If you're as much in the dark as I was, he was on television.

But this isn't about his fame, it's about his book. Guilt-Free Weeknight Meals is endorsed by the American Diabetes Association, if that's important to you.

That's not what I was thinking about when I decided to make Miracle Pasta. I just wanted to see if it would work. This pasta i similar to those I've seen all over the Internet, where pasta, other ingredients, and liquid are thrown into a pot and it's cooked until the liquid has turned into a sauce.

Many of those recipes include a whole bunch of other ingredients that need to all cook together. And the pasta needs to be cooked just right at the same time the liquid is reduced enough. This recipe is a little more simple, with just onions and garlic needing to be cooked through.

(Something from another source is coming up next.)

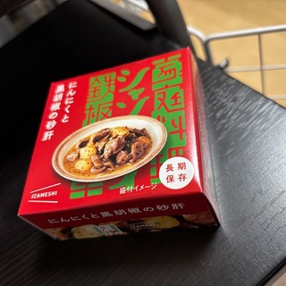 家庭料理・鉄板中華の青山シャンウェイと長期保存食「IZAMESHI」コラボの缶詰「にんにくと黒胡椒の砂肝」。以前に嫁さんが何かで頼んだ株主優待に入ってたとかなんとか。

Now that I've made it once, I have a few adjustments I might make the next time. For one thing, since I live at high altitude, the pasta took quite a bit longer to cook. For another thing, next time around, I'd add more flavor. Maybe some bell pepper. Maybe shrimp. Maybe some tomato paste to add some richness.

But for a quick meal made from basic pantry ingredients, this was pretty good. The recipe points out that you could use whole wheat pasta instead of regular pasta. Or a half-and-half mix of white and whole wheat. I think I'd use one or the other, but not a mix, since they might not cook to the same texture in the same time.

Miracle Pasta
Adapted from Guilt-Free Weeknight Meals by Mr. Food

Balti cooking pot courtesy of  Le Creuset.
12 ounces* linguine pasta, broken in half (this it to fit into the pot - if you've got a wide pot, you can leave them whole.
1 28-ounce can diced tomatoes
1 onion, thinly sliced
4 cloves garlic, diced or sent through a garlic press
4 1/2 cups** chicken (or vegetable) broth or stock
2 teaspoons dry oregano (use tablespoon for more flavor)
1/2 teaspoon crushed red pepper flakes
1/4 teaspoon salt (or to taste. I thought it needed a bit more)
2 tablespoons olive oil
2 tablespoons chopped fresh basil (I used more)
1 tablespoon grated parmesan (more for serving, if desired)

Put everything except the basil and parmesan in a large pot. Cover, bring to a boil, then lower to a simmer.

Cook for 10 minutes, or as long as needed to cook the pasta, stirring every few minutes to make sure the pasta doesn't stick. The liquid should be mostly gone. If there seems to be too much liquid and the pasta is nearly done, uncover the pot and stir more often until the sauce is saucy.

Add the basil and cheese. Stir and serve.

If desired, have more cheese available to add at the table.

*Every package of linguine I looked at was 16 ounces, so I weighed it to get 12 ounces, Next time, I'd probably use 1/2 of the box and cut back on the liquid, Or, if you're feeding more people, use the whole box.

**If you're buying it, I'm pretty sure an average container is 4 cups. It doesn't make sense to open another container for the remaining 1/2 cup, so I suggest adding water or perhaps tomato juice if you happen to have it. I was using my own stock here. Using chicken stock, this is a meatless meal; if you want to make it vegetarian, use vegetable stock instead of chicken stock.

I received this book from the publisher at no cost to me.